• Task directions: Copying exactly, give the lines in the material below from the one with "Taking left corner" to the one with "상품 상세페이지 참조 |", ends included, and nothing besides.

#### Source information

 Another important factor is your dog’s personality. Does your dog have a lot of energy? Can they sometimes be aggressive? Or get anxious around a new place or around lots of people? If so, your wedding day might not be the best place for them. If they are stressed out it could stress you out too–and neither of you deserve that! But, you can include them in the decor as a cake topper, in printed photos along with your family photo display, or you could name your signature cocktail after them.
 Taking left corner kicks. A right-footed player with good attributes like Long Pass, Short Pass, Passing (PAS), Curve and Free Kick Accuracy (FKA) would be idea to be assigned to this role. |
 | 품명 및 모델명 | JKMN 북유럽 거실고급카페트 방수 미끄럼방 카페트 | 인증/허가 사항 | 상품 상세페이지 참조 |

########
#### Source information

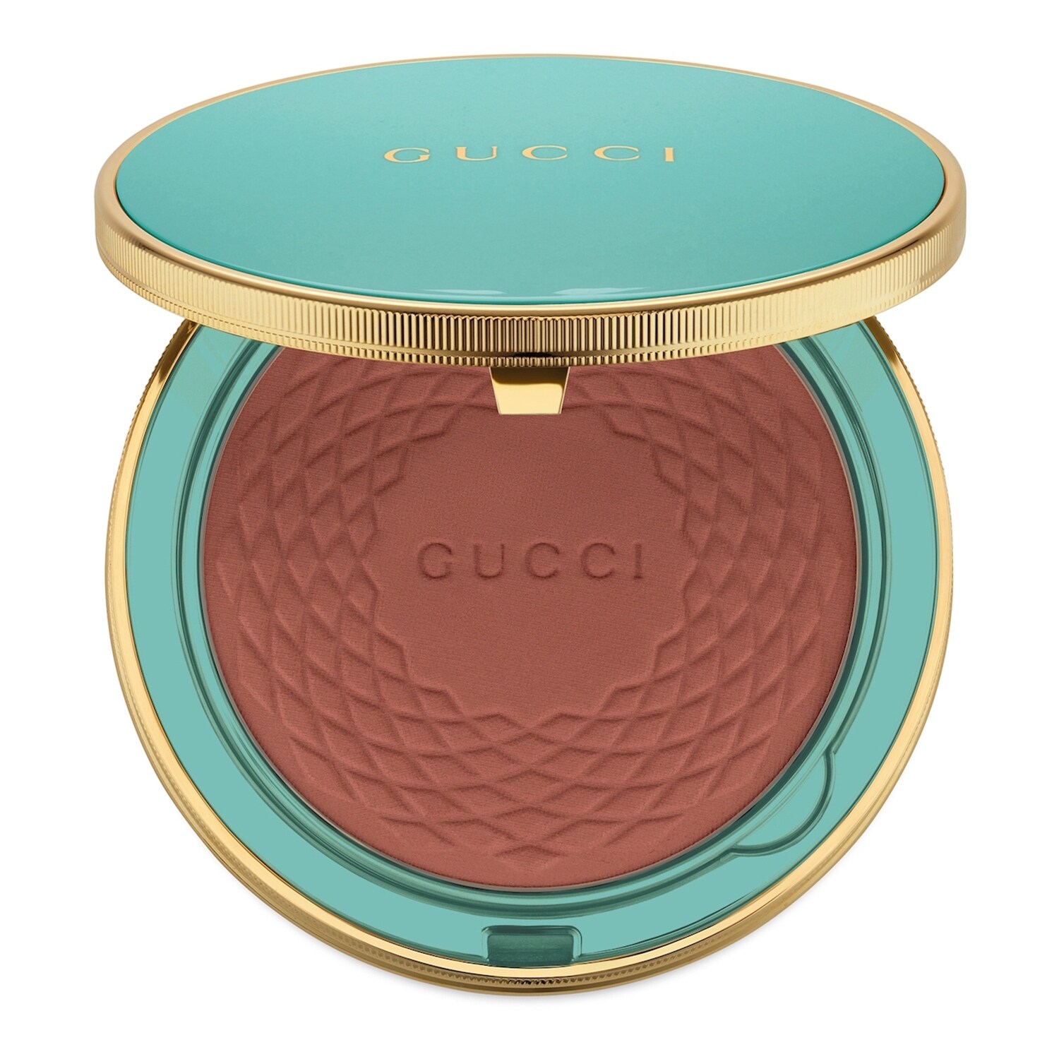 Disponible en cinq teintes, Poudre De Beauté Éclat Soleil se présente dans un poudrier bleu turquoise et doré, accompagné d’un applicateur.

########

• Solution:
 Taking left corner kicks. A right-footed player with good attributes like Long Pass, Short Pass, Passing (PAS), Curve and Free Kick Accuracy (FKA) would be idea to be assigned to this role. |
 | 품명 및 모델명 | JKMN 북유럽 거실고급카페트 방수 미끄럼방 카페트 | 인증/허가 사항 | 상품 상세페이지 참조 |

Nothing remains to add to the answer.